CONCLUSION AND OUTLOOK: Summarizes the feasibility of the hyphenated system and suggests future improvements regarding sensitivity, resolution, and integration.

Keywords

Capillary Electrophoresis, Microcoil 1H NMR, Portable 19F NMR, On-Line CE-NMR, Perfluorinated Carboxylic Acids, Trifluoroacetic Acid, Xanthine, Uric Acids, Mass Sensitivity, Structural Elucidation, Sample Pre-concentration, NMR Spectroscopy, Analytical Chemistry, Hyphenated Techniques

Frequently Asked Questions

What is the primary objective of this research?

The research focuses on the hyphenation of capillary electrophoresis (CE) with both large-scale and portable nuclear magnetic resonance (NMR) spectroscopy to enable efficient separation and structural identification of mass-limited chemical samples.

What are the core thematic fields covered in this study?

The study spans analytical chemistry, pharmaceutical drug analysis, and environmental monitoring, specifically examining the coupling of micro-separation techniques with microcoil-based NMR detection.

What is the primary Forschungsfrage (research question)?
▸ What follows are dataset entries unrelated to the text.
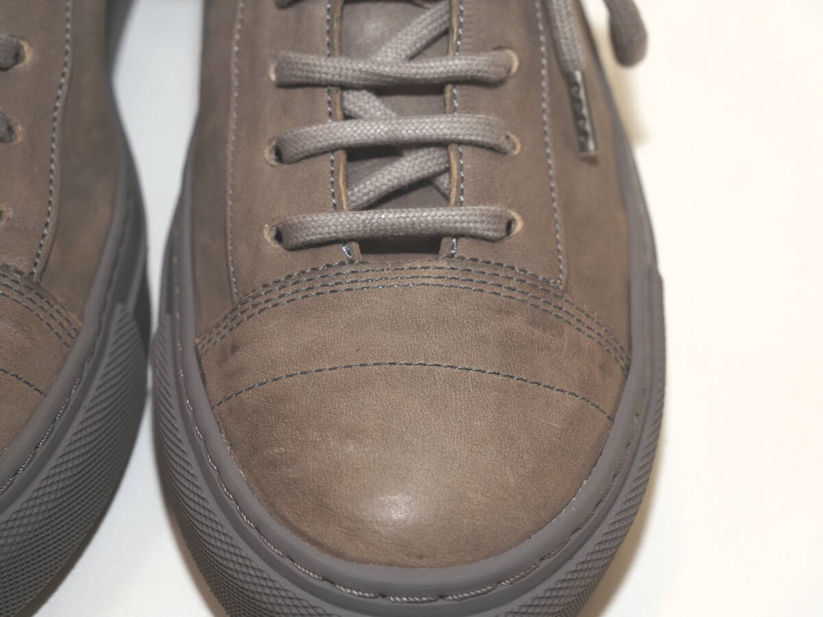 ムラ感ある色味のレザーを用いた7ホールローカットのキャップトゥスニーカーです。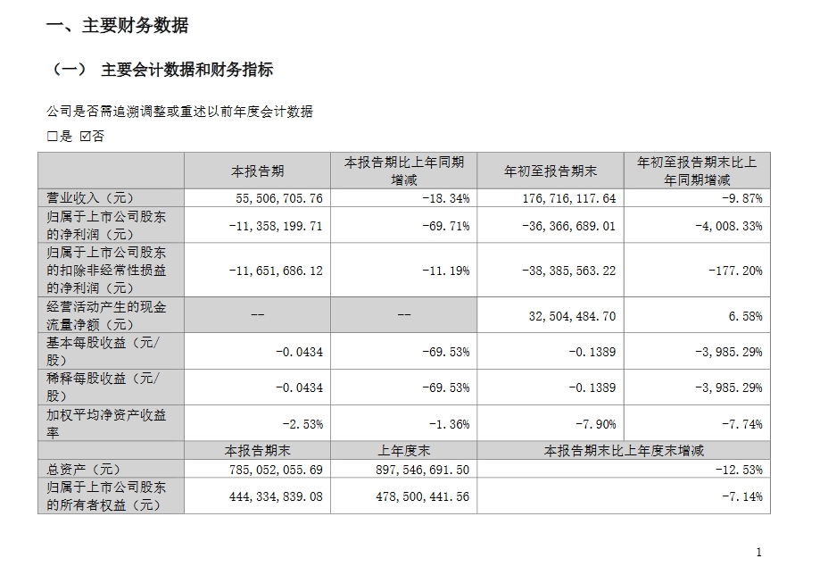 此外,中青寶近日公佈的第三季度報告顯示,該公司第三季度收入為0.56億元,同比下降18.34%;歸母淨利潤為-1165萬元,虧損幅度進一步擴大;前三季度營收總和為1.77億元,同比下降9.87%;歸母淨利潤為-3637萬元。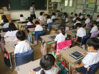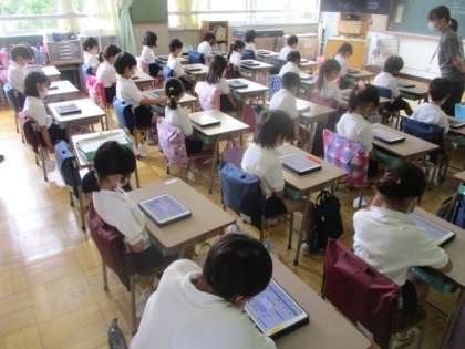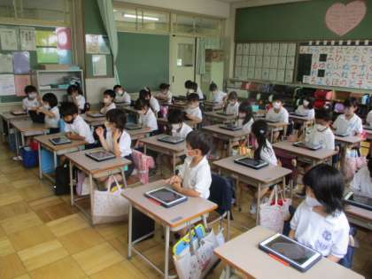 タブレットを操作している1年生が、嬉しそうに声をあげました。先生からのプレゼントが、一人一人に届いたようです。詳しくは、おうちで聞いてあげてください。
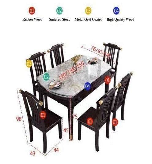 - Material: Table: Sintered Stone Slate + Solid Wood (Rubber) / Chair: Solid Wood (Rubber)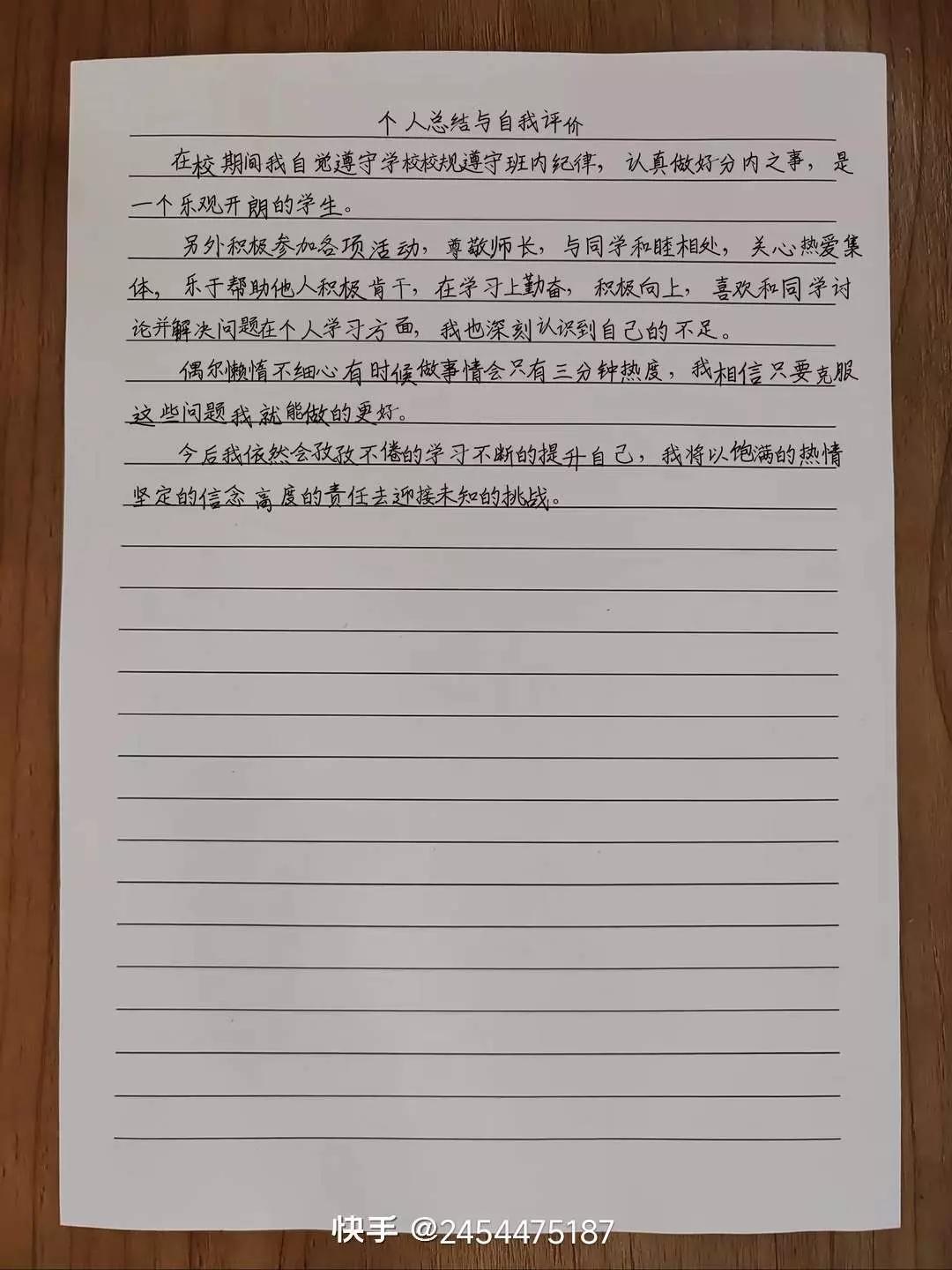 自我评价。

The work investigates the feasibility of coupling CE to different NMR systems and how to optimize separation parameters and acquisition modes to overcome sensitivity and resolution limitations for structural elucidation.

Which scientific methods are primarily utilized?

The study utilizes capillary electrophoresis (CE) as the separation method and nuclear magnetic resonance (NMR) spectroscopy (using both 1H and 19F nuclei) as the detection method, supported by mathematical models for sensitivity and diffusion calculations.

What is the main focus of the experimental section?

The experimental section covers the preparation of buffer systems for xanthine/uric acid and fluorinated compound separation, the setup of lab-scale and portable NMR instruments, and the investigation of dynamic/static data acquisition parameters.

Which keywords best characterize this work?

Key terms include CE-NMR hyphenation, microcoil NMR, mass sensitivity, perfluorinated compounds, on-line pre-concentration, and portable analytical instrumentation.

How does the portable NMR system overcome its size limitations?

The portable system uses compact permanent magnets (1.8 T) combined with lithographically manufactured microcoils wrapped around the capillary, which allows for small detection volumes and reduced cost/maintenance compared to superconducting magnets.

How is the temperature stability of the portable NMR addressed?

Temperature fluctuations in the portable magnets are managed by using a temperature controller, and software-based frequency shifting is employed to correct for temperature-induced drifts in the NMR spectra.